Brent Scowcroft Center Resident Senior Fellow for Middle East Security Bilal Y. Saab
writes for World Politics Review
on why the power struggle between Iran and Saudi Arabia is the root cause of the failure to elect a new Lebanese president:
On June 18, Lebanese parliamentarians met for the seventh time to elect a new president but failed to do so. Speaker Nabih Berri had to postpone the session to July 2, cautioning against a prolonged presidential vacuum reminiscent of 2007-2008, when it took 20 sessions to settle on Michel Suleiman as a compromise choice. The immediate cause of the failure to choose a successor to Suleiman, whose term expired on May 25, is the boycott of the majority of parliamentarians belonging to the pro-Hezbollah March 8 alliance.
But the root causes of the crisis are external. They are linked to the regional power struggle between Iran and Saudi Arabia, the main outside backers, respectively, of the Shiite Hezbollah and its rival, the Sunni Future Movement. So long as Tehran and Riyadh disagree over who should occupy the presidential seat in Baabda Palace, Lebanon will be without a head of state.

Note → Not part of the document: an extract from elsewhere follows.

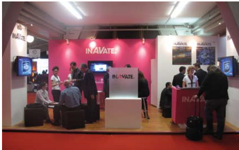
На стенде InAVate всегда было много народа.

Что такое “интегрированные системы” для русского человека? Нечто абстрактное, неосязаемое, непонятное... Но если попробовать перевести эти греческие слова на русский, мы получим такие фразы, как “цельный строй”, “полный порядок”, “единый мир”. И эти фразы очень точно описывают

That the impasse has lasted so long is in some ways surprising. In February, Saudi Arabia and Iran, in a moment of realpolitik, came together to help form a new government in Beirut that included all the relevant Lebanese political factions. That Tammam Salam, and not some hard-line and partisan Sunni figure, was appointed as the new prime minister was indicative of the Saudis and Iranians’ mutual desire to shield Lebanon from the chaos and unrest in the region, especially next door in Syria. Salam was considered by many observers to be a relatively neutral, consensus candidate for Tehran and Riyadh.